Converted rc-obligation to irc-obligation.

As the TRS does not nest defined symbols, we have rc = irc.

### (2) Obligation:

The Runtime Complexity (innermost) of the given CpxTRS could be proven to be BOUNDS(1, n^1).

The TRS R consists of the following rules:

prime(0) → false
prime(s(0)) → false
prime(s(s(x))) → prime1(s(s(x)), s(x))
prime1(x, 0) → false
prime1(x, s(0)) → true
prime1(x, s(s(y))) → and(not(divp(s(s(y)), x)), prime1(x, s(y)))
divp(x, y) → =(rem(x, y), 0)

Rewrite Strategy: INNERMOST

### (3) CpxTrsToCdtProof (BOTH BOUNDS(ID, ID) transformation)

Converted Cpx (relative) TRS to CDT

### (4) Obligation:

Complexity Dependency Tuples Problem
Rules:

prime(0) → false
prime(s(0)) → false
prime(s(s(z0))) → prime1(s(s(z0)), s(z0))
prime1(z0, 0) → false
prime1(z0, s(0)) → true
prime1(z0, s(s(z1))) → and(not(divp(s(s(z1)), z0)), prime1(z0, s(z1)))
divp(z0, z1) → =(rem(z0, z1), 0)
Tuples:

PRIME(0) → c
PRIME(s(0)) → c1
PRIME(s(s(z0))) → c2(PRIME1(s(s(z0)), s(z0)))
PRIME1(z0, 0) → c3
PRIME1(z0, s(0)) → c4
PRIME1(z0, s(s(z1))) → c5(DIVP(s(s(z1)), z0), PRIME1(z0, s(z1)))
DIVP(z0, z1) → c6
S tuples:

PRIME(0) → c
PRIME(s(0)) → c1
PRIME(s(s(z0))) → c2(PRIME1(s(s(z0)), s(z0)))
PRIME1(z0, 0) → c3
PRIME1(z0, s(0)) → c4
PRIME1(z0, s(s(z1))) → c5(DIVP(s(s(z1)), z0), PRIME1(z0, s(z1)))
DIVP(z0, z1) → c6
K tuples:none
Defined Rule Symbols:

prime, prime1, divp

Defined Pair Symbols:

PRIME, PRIME1, DIVP

Compound Symbols:

c, c1, c2, c3, c4, c5, c6

### (5) CdtLeafRemovalProof (ComplexityIfPolyImplication transformation)

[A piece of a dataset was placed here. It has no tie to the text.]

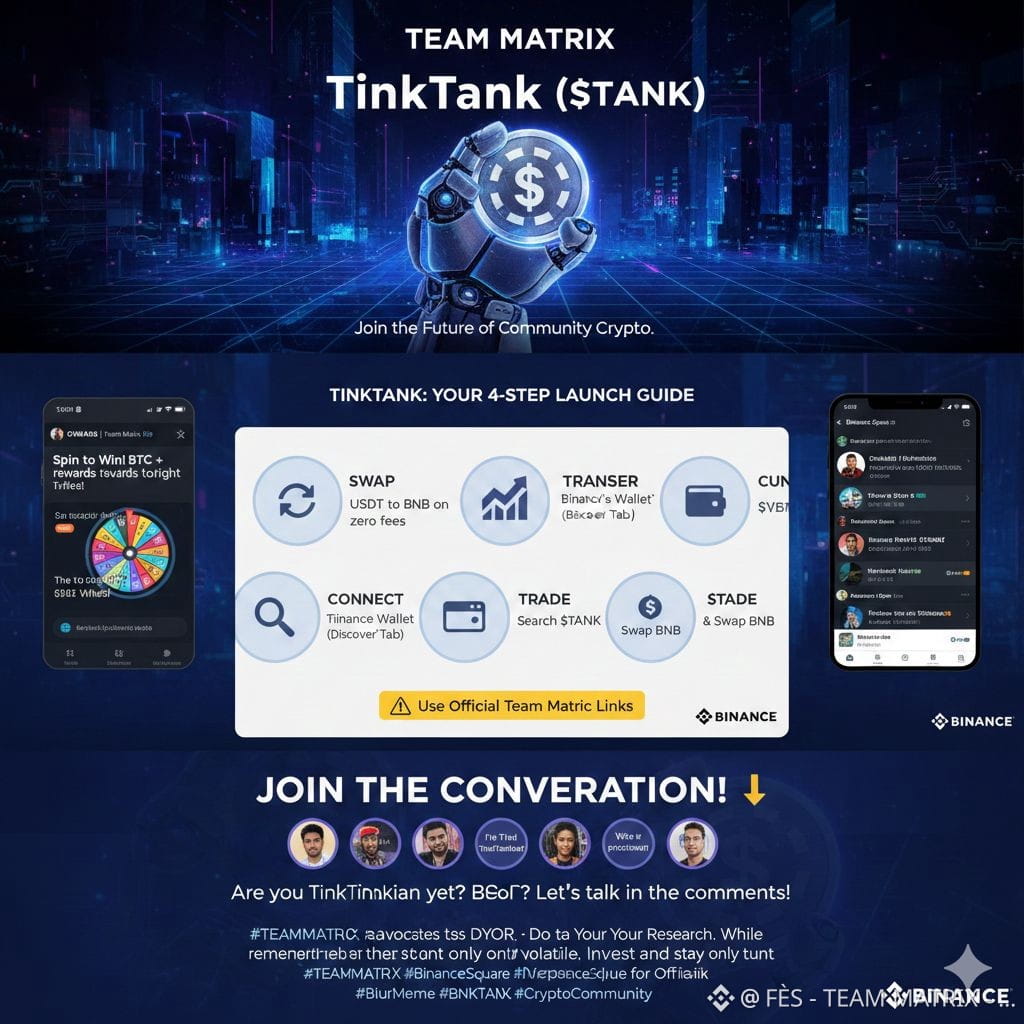 The Team Matrix community has officially taken the next step in its evolution with the launch of TinkTank ($TANK). Known for their high-energy livestreams and "Spin to Win" rewards, the community is now rallying behind $TANK as a symbol of unity and long-term commitment within the Binance ecosystem.

PRIME(s(s(z0))) → c2(PRIME1(s(s(z0)), s(z0)))
Removed 5 trailing nodes:

PRIME(0) → c
DIVP(z0, z1) → c6
PRIME1(z0, 0) → c3
PRIME1(z0, s(0)) → c4
PRIME(s(0)) → c1

### (6) Obligation:

Complexity Dependency Tuples Problem
Rules:

prime(0) → false
prime(s(0)) → false
prime(s(s(z0))) → prime1(s(s(z0)), s(z0))
prime1(z0, 0) → false
prime1(z0, s(0)) → true
prime1(z0, s(s(z1))) → and(not(divp(s(s(z1)), z0)), prime1(z0, s(z1)))
divp(z0, z1) → =(rem(z0, z1), 0)
Tuples:

PRIME1(z0, s(s(z1))) → c5(DIVP(s(s(z1)), z0), PRIME1(z0, s(z1)))
S tuples:

PRIME1(z0, s(s(z1))) → c5(DIVP(s(s(z1)), z0), PRIME1(z0, s(z1)))
K tuples:none
Defined Rule Symbols:

prime, prime1, divp

Defined Pair Symbols:

PRIME1

Compound Symbols:

c5

### (7) CdtRhsSimplificationProcessorProof (BOTH BOUNDS(ID, ID) transformation)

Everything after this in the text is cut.